The Securities and Exchange Commission has finally set a date for considering a “pay for performance” rule regarding executive compensation. On April 29 the Commission likely propose new requirements that “registrants disclose, in a clear manner, the relationship between executive compensation actually paid and the financial performance of the registrant.”
Those disclosures, a requirement of the Dodd-Frank Act, will explain how executive pay (including annual bonuses, and long term incentives) corresponds to company performance. Disclosures will need to detail how company performance is defined and analyzed.
While nearly 60 percent of public companies have conducted an executive-pay-for-performance analysis, nearly two-thirds of them either did not tell shareholders the results or even disclosed that the analysis took place in their 2014 proxy statements, according to recent research by professional services firm Towers Watson.

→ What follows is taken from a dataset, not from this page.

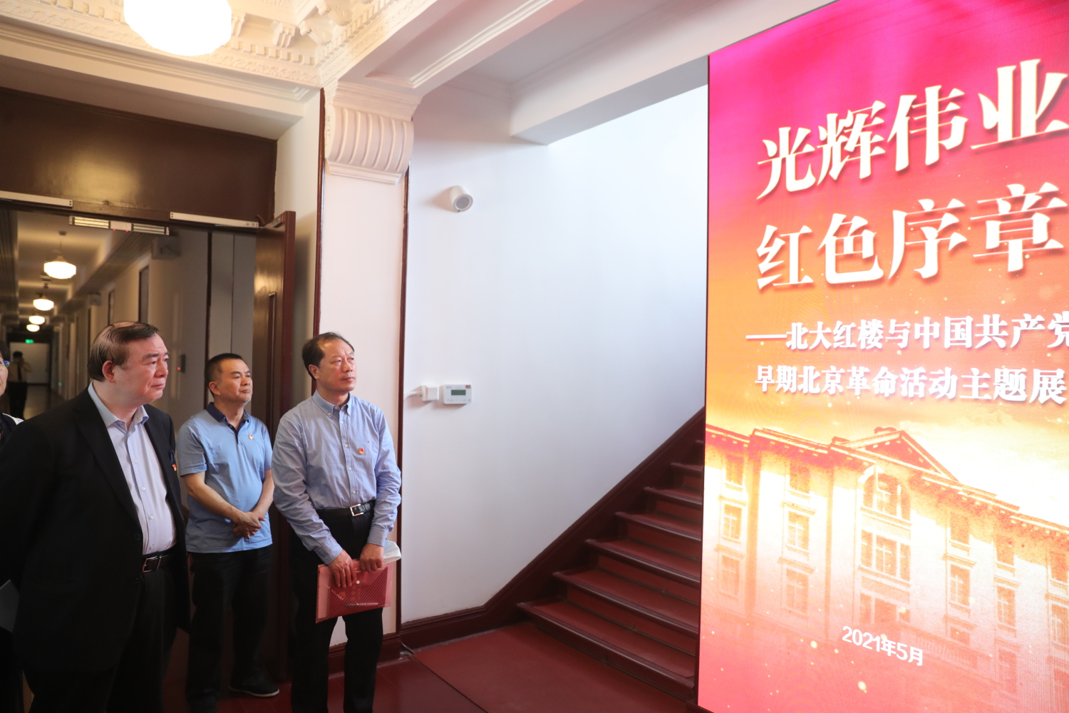 与会人员集体参观了“光辉伟业红色序章——北大红楼与中国共产党早期北京革命活动主题展”,重温以李大钊、陈独秀、毛泽东为代表的革命先辈传播马克思主义、孕育建党的光辉历史和不朽业绩。

When asked why they did not discuss their pay-for-performance analysis, 76 percent of 104 public companies surveyed said they were waiting for the new SEC disclosure rules to be issued; one-third said they were also concerned about setting a precedent that will require similar disclosure in the future.
Towers Watson also found that the majority of respondents analyze pay-for-performance alignment in ways that may or may not mesh with what the SEC may ultimately require. Among companies that conducted a pay-for-performance analysis, nearly all (96 percent) compared their performance and shareholder returns to a company-defined peer group. The majority of respondents used a three-year period to measure performance; 60 percent used a definition of compensation other than that disclosed in the Summary Compensation Table required by the SEC.
While total shareholder return is the most common measure of performance that responding companies analyzed, most assessed their performance using both Total Shareholder Return and a measure of operating financial performance.